Turkish President Recep Tayyip Erdogan claimed Tuesday that the killing of Saudi journalist Jamal Khashoggi was “ferocious” and “planned.”
What happened to Jamal Khashoggi?
Khashoggi walked into the Saudi consulate on Oct. 2 in Istanbul, to finalize his divorce so he could marry his fiancée. He was never seen again. As a columnist for the Washington Post, Khashoggi had frequently criticized the Saudi government and Saudi Crown Prince Mohammed bin Salman.
After initially insisting that Khashoggi had left the consulate alive, the Saudi government has not admitted that he was killed, although it continues to claim that his death was unintentional. On Monday, CNN released footage supplied by the Turkish government that showed the Saudis had a body double leave the consulate dressed in Khashoggi's clothes after he had disappeared.
What did Erdogan say?
Speaking to his political party members in the Turkish capital of Ankara, Erdogan said, according to the Post, that “covering up this kind of savagery will hurt the conscience of all humanity.”
“Saudi Arabia took an important step by accepting the murder. After this, we expect them to reveal those responsible for this matter. We have information that the murder is not instant, but planned,” he said.
He also said that “the information obtained so far and the evidence found shows that Khashoggi was murdered in a ferocious manner.”

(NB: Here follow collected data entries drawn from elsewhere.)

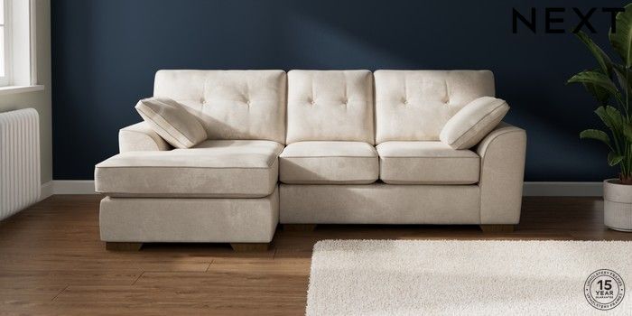 7.2.10 Stamford Buttoned Back Small Sofa Chaise - Left Hand Plush Chenille Oyster Large Square Angle - Mid | Made Click here to use our website with more accessibility support, for example screen readers
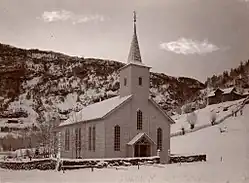 On Sunday, 11 January 1959, shortly after the worship service, the church caught fire and burned to the ground. Immediately, the parish set out to rebuild the church. Ole Halvorsen was hired to design the new church which would be built on the same site as the previous church building. The new building was consecrated on 2 September 1962.[3][4][5]
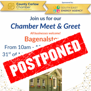 Please be aware that the Chamber Meet & Greet scheduled for the 31st of March in The Old Post Office Cafe in Bagenalstown has been postponed due to a road closure, as the premises will be closed for business from the 30th March to the 1st of April.
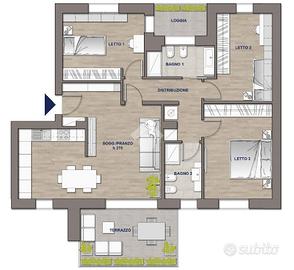 * tre camere da letto, ideali per famiglie o per chi desidera uno spazio da adibire a studio, di cui una con loggia,
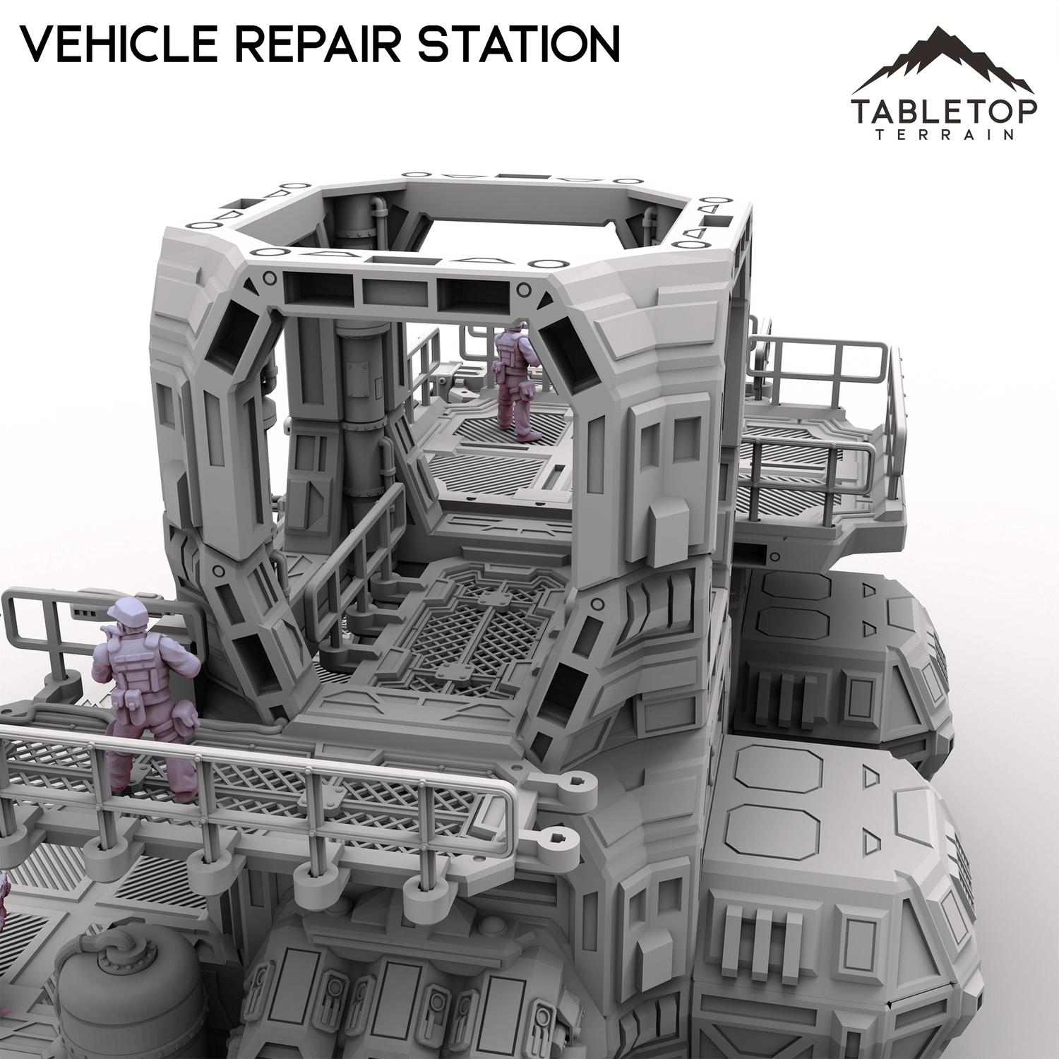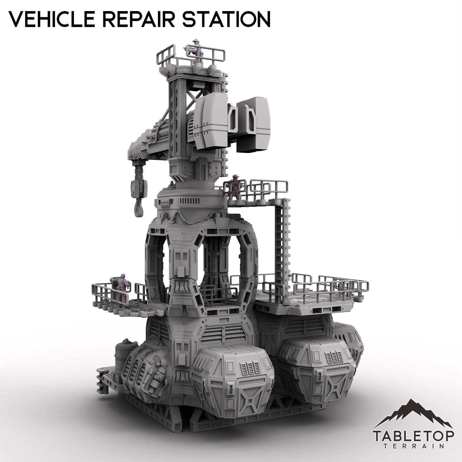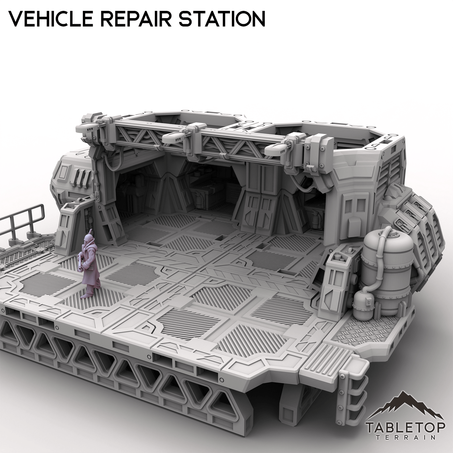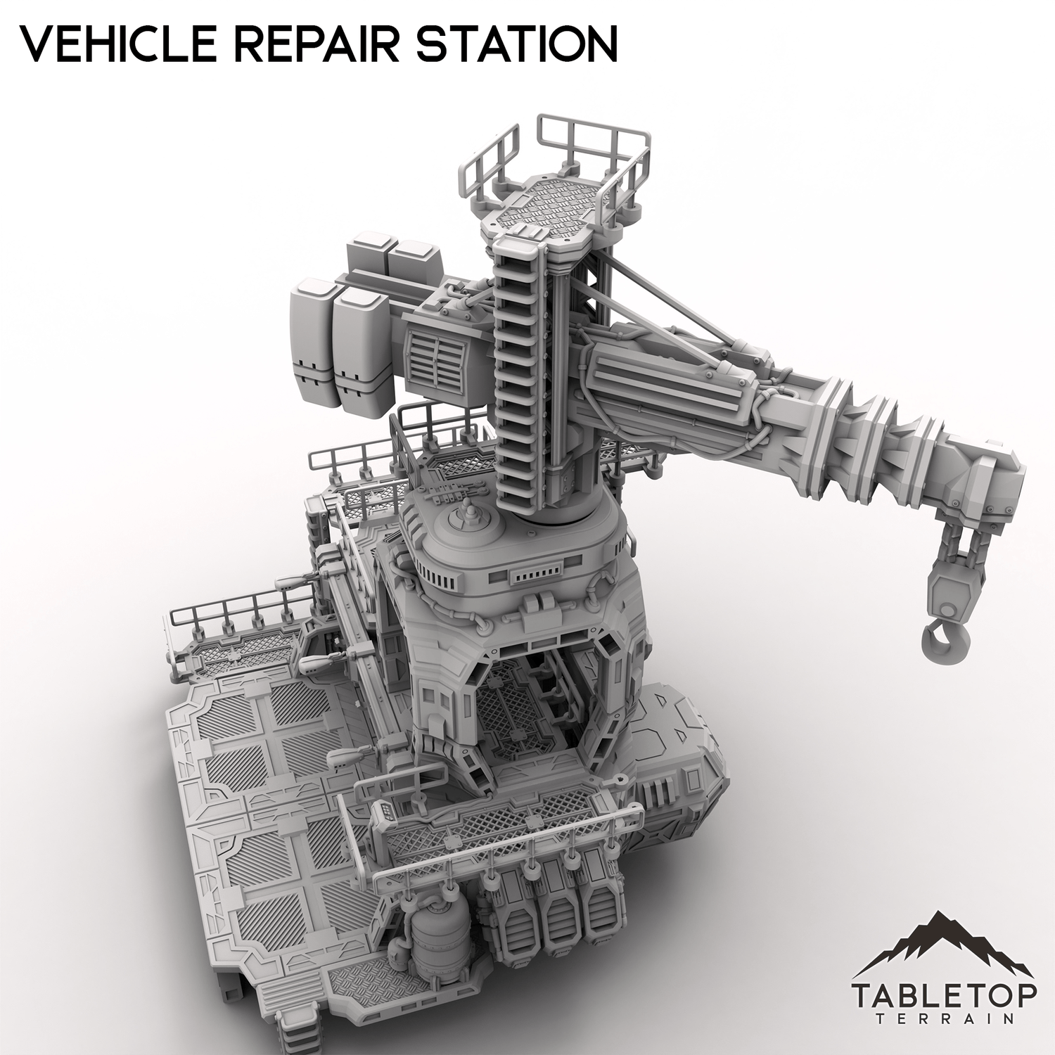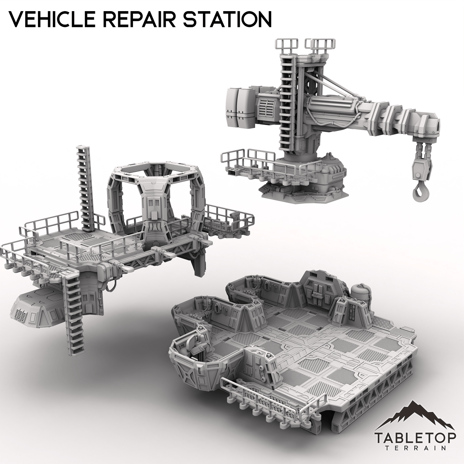 Behold, the Vehicle Repair Station! Standing a foot tall, this complex structure is ready for repairing, building, and modifying whatever vehicles or mechs you need. The entire set is modular, allowing you to adjust the layout to whatever suits your needs. Each room has removable lids, and the boom for the crane can turn a full 360 degrees.

Erdogan and his government have still not released the audio evidence they claim to have of Khashoggi's murder. Erdogan did not even mention this recording in his recent speech, despite listing other examples of evidence that his government had put forward to incriminate the Saudis.
Don't be fooled into thinking Erdogan is pro-freedom of the media
He may appear to be more forthcoming than the Saudis when it comes to Khashoggi's disappearance, but Erdogan is also brutally crushing his opposition and trampling on the press.
In fact, according to the nonprofit group, Committee to Protect Journalists, Turkey has a far worse track record when it comes to journalists than Saudi Arabia. CPJ reported that 262 journalists were jailed worldwide on Dec. 1, 2017 — 73 of which were imprisoned by Erdogan's government. Comparatively, CPJ reported that only seven journalists were jailed in Saudi Arabia at that time.
Erdogan has also jailed more than 50,000 people accused of being involved in some way with the failed 2016 coup against his rule. This was the reason given for the jailing of pastor Andrew Brunson, who was only released recently after pressure from the United States. Brunson and his allies have insisted that he never had anything to do with that coup, or anything political.
While Erdogan is no friend of the media or his critics, he also is no friend of Saudi Arabia. He has been quick to declare that a great injustice has been done in Khashoggi's murder, which is true, not because he's standing on some moral high ground but because it inconveniences the Saudis and gives his government back some of the standing on the global stage that it had lost in recent years.